Three trials are recruiting for between 66 and 80 patients who have tested positive for COVID-19 and who are quarantined at home with mild to moderate symptoms.

One of the studies, which started in December and is slated to run until December 2022, tests the safety and feasibility of a 50/50 blend of the mushrooms agarikon and turkey tail in capsules.

According to Saxe, the mushrooms were chosen because of their long history of use and recent evidence of immunity-enhancing and anti-viral effects.

In a study published in the March 2019 issue of Mycology, agarikon was found to inhibit viruses, including influenza and herpes. Saxe said he believes medicinal mushrooms inhibit the viruses’ replication, a theory he plans to test against SARS-CoV-2 in a Phase II trial.

“Mushrooms have the advantage that they co-evolved with us,” Saxe said. “So bacteria, viruses, and other fungi prey on mushrooms just like they prey on humans. And mushrooms have developed exquisite defenses against those pests, and we believe they can confer those to us when we eat them.”

The second trial, which began in July and is projected to conclude in December 2022, tests the safety and feasibility of a formulation of 21 Chinese herbs from Taiwan—called Qing Fei Pai Du Tang—that is widely used as a COVID-19 remedy in China.

MACH-19’s third ongoing trial, which began in June and is scheduled for completion in June 2022, measures whether the same medicinal mushrooms, given in capsules at the time of initial COVID-19 vaccination, can increase antibodies and other immune responses.

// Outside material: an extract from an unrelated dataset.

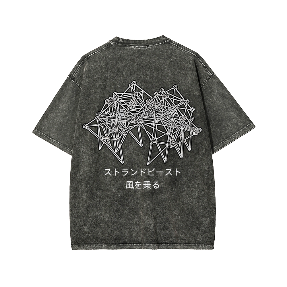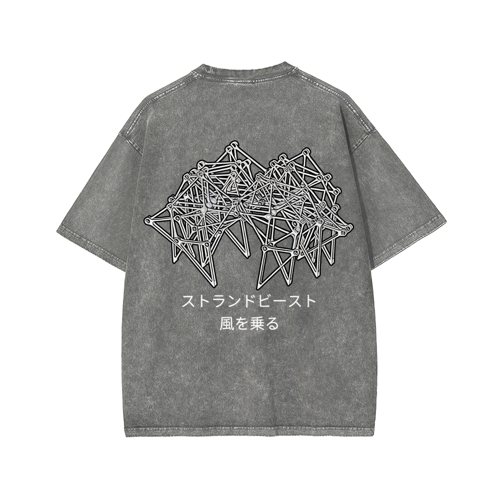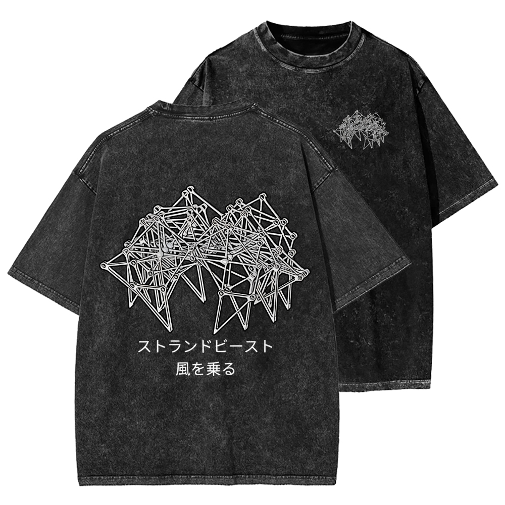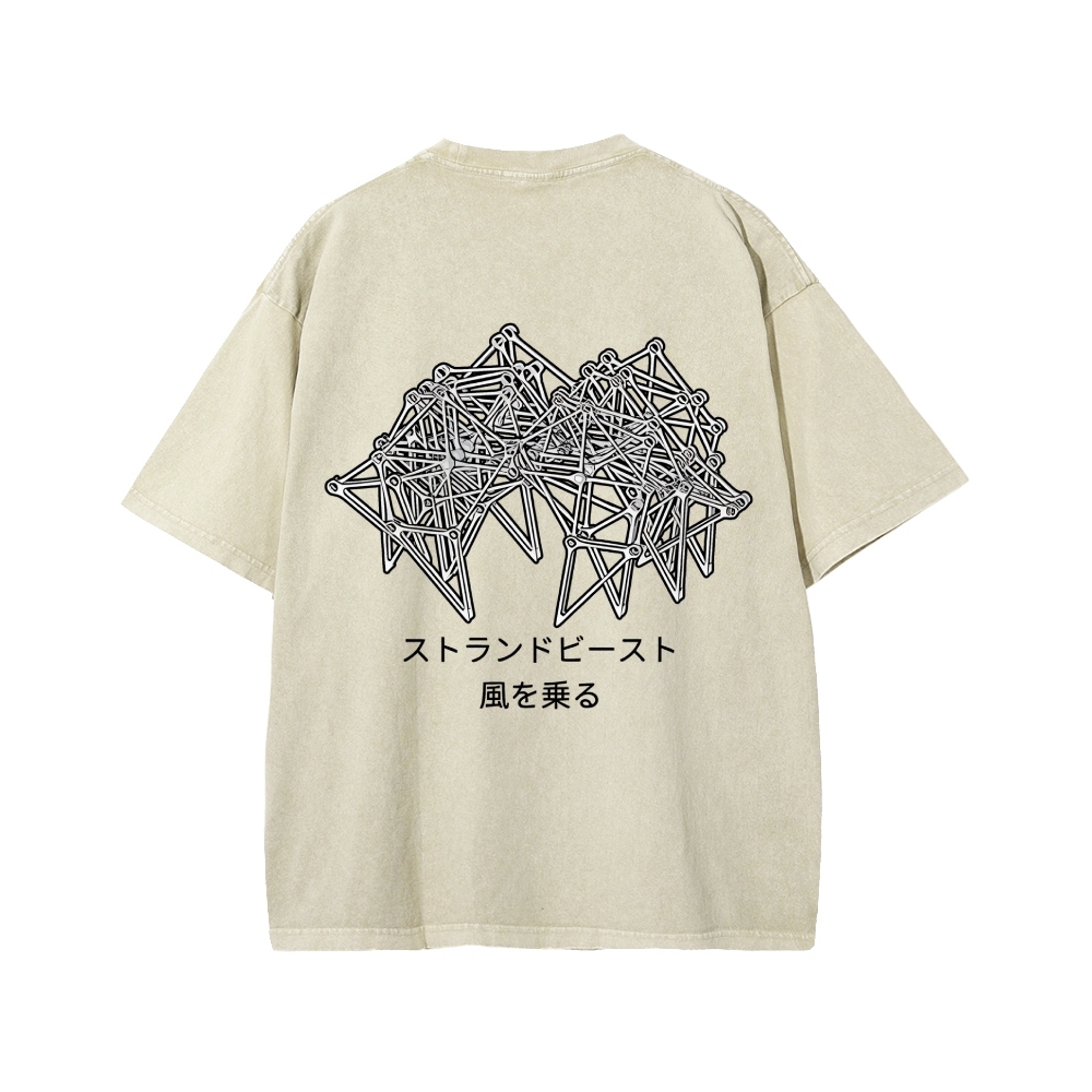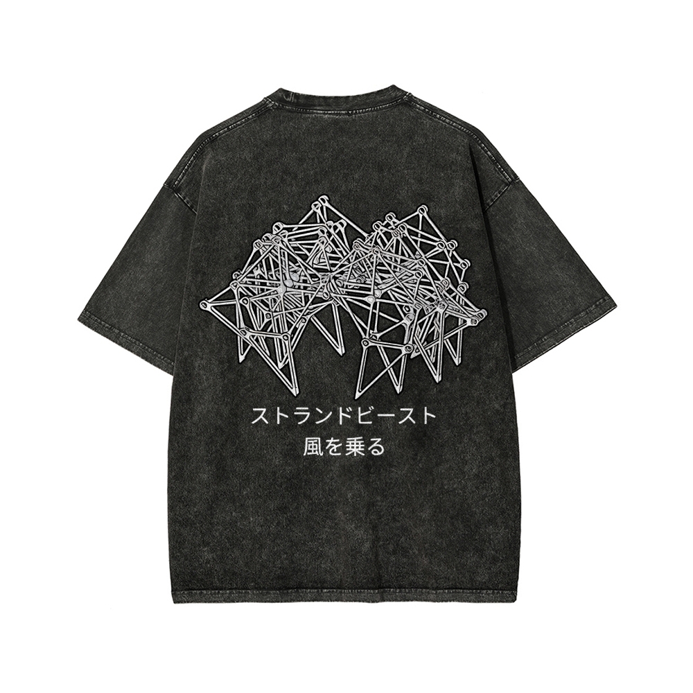 Tokyo-Assassin Bionic Beast Funny Front And Back Printing Washed T-shirt
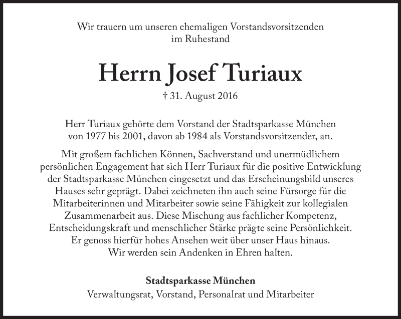 Hier finden Sie alle Traueranzeigen aus der Zeitung, die bisher für Josef Turiaux erschienen sind. Weitere Traueranzeigen, die in der Zeitung erscheinen, werden hier ebenfalls aufgelistet

Saxe said his team is close to launching a fourth trial to look at whether medicinal mushrooms could provide a similar lift to COVID-19 booster shots.

“Vaccines lead to the production of antibodies that can destroy the virus in the blood,” Saxe said. “Mushrooms may not only increase the number of these antibodies, but also enhance T-cell immunity against virally infected cells.

“Further, because mushrooms bind to receptors on human immune cells, they can modulate our immunity, boosting it in some ways and calming it down in others,” he said. “And this property of mushrooms may also reduce vaccine-related side effects.”

Natural therapeutics have been used for centuries to treat infectious diseases, Saxe said, noting that herbs have helped Chinese doctors manage 300 recorded epidemics, while the Greek pharmacologist Pedanius Dioscorides prescribed agarikon to treat pulmonary infections 2,300 years ago.

Initial safety data from the trials are expected by the end of this year. Whatever is found, Saxe said he was happy just getting the FDA’s approval, which he called a sign that Western scientific minds are broadening.

“Like the population as a whole, the FDA has, in recent years, become more aware of integrative, complementary medicine and has shown more of a willingness to find ways to study these approaches,” he said. “But they’re still as rigorous as they are for pharmaceuticals.”